## How to complete this task
For every line below, restate it exactly and drop the images.
START Data extract
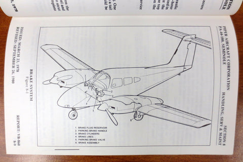 Mint condition, sturdy binding, no missing pages. Pilots' complete information manual dated March 23, 1978, on the Piper Seminole PA-44-180 airplane. Published by the Piper Aircraft Corporation. Book measures 5 3/8 X 8 3/8 and has over 200 pages. 80+ illustrations and charts.
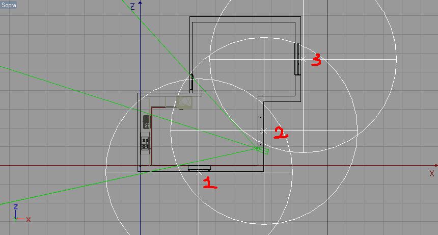 luci area in corrispondenza delle finestre con decadenza e ombre con intensità 1) 30; 2) 100; 3) 80 (come da immagine)
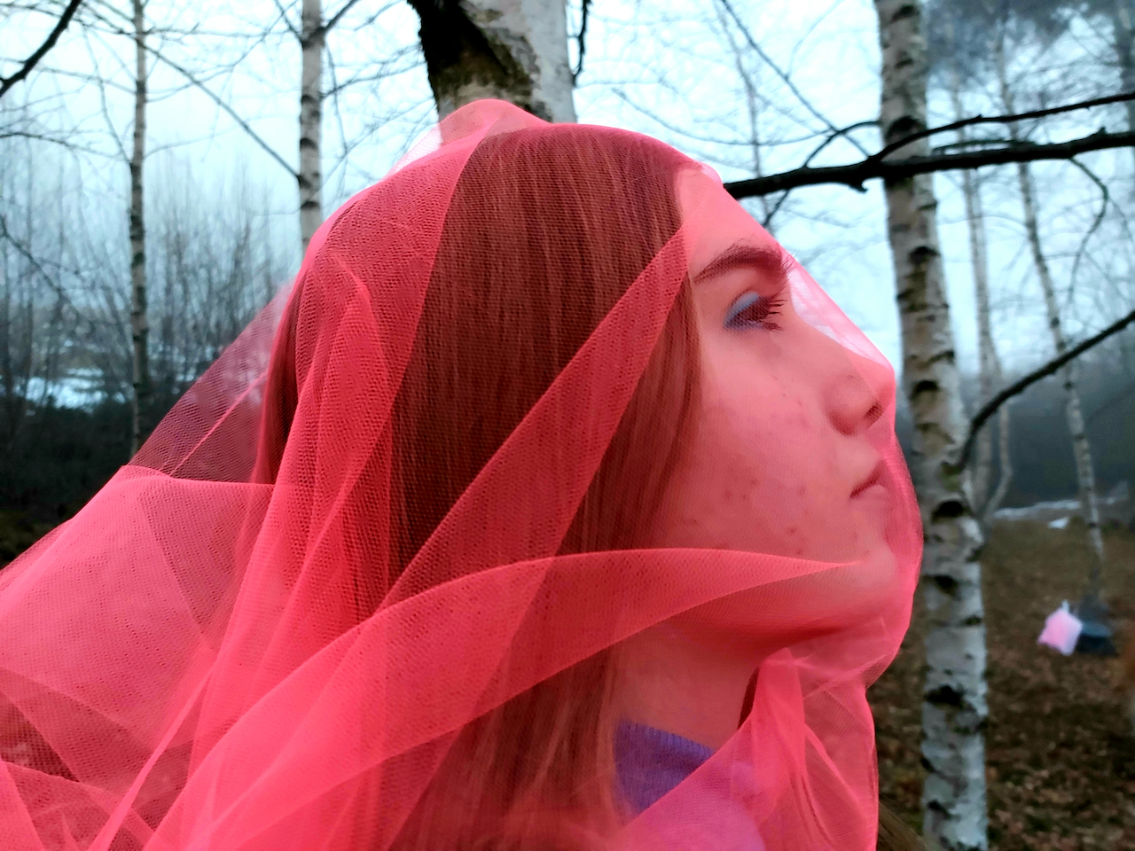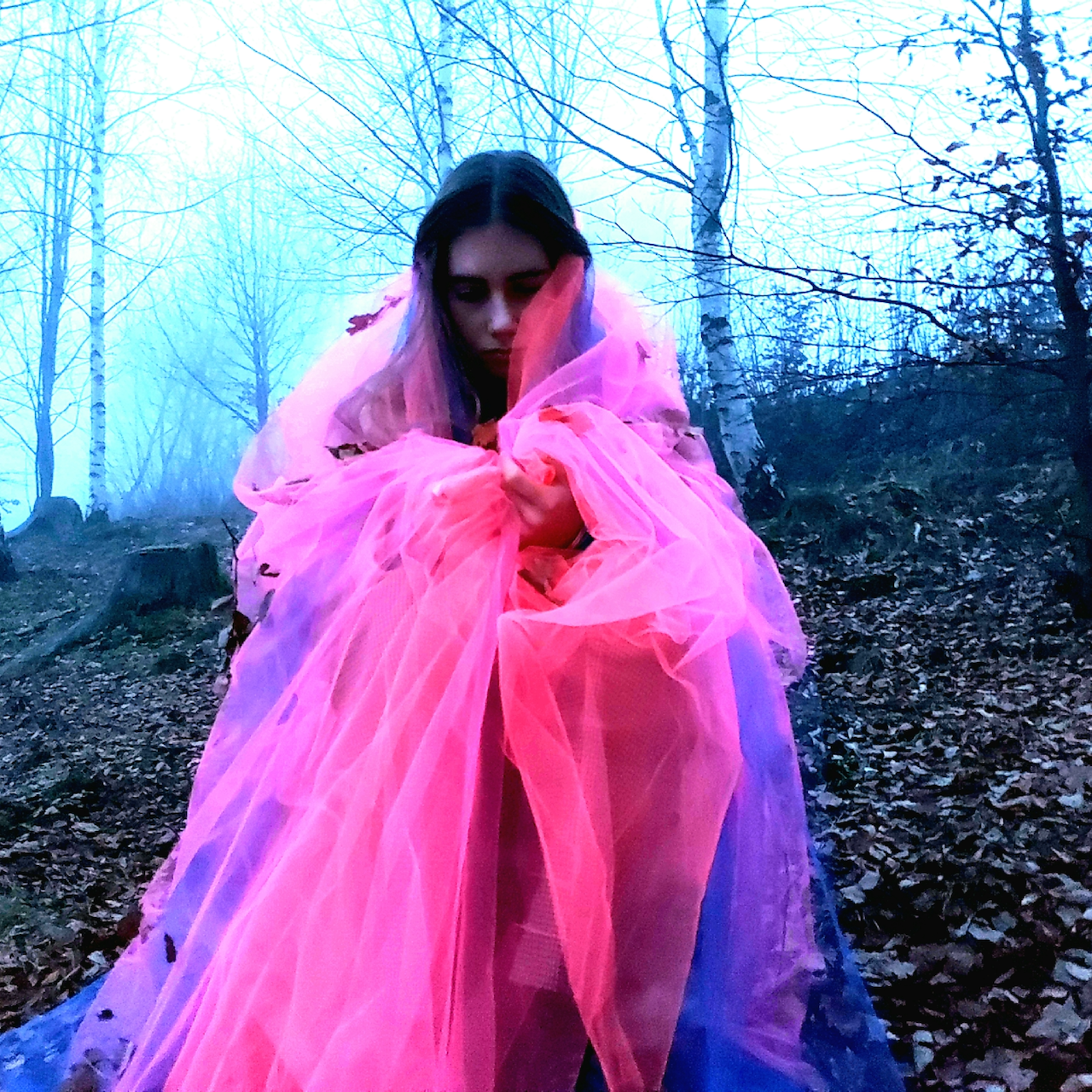 These are my first experimentations with more editorial photography. I had this idea of using coloured tulle in a foggy silver birch wood. This for me is when I really started thinking of colours and texture as my imagery. The aim is to show the ethereal feeling that the contact with nature can give.
END Data extract
## Result of the task
 Mint condition, sturdy binding, no missing pages. Pilots' complete information manual dated March 23, 1978, on the Piper Seminole PA-44-180 airplane. Published by the Piper Aircraft Corporation. Book measures 5 3/8 X 8 3/8 and has over 200 pages. 80+ illustrations and charts.
 luci area in corrispondenza delle finestre con decadenza e ombre con intensità 1) 30; 2) 100; 3) 80 (come da immagine)
 These are my first experimentations with more editorial photography. I had this idea of using coloured tulle in a foggy silver birch wood. This for me is when I really started thinking of colours and texture as my imagery. The aim is to show the ethereal feeling that the contact with nature can give.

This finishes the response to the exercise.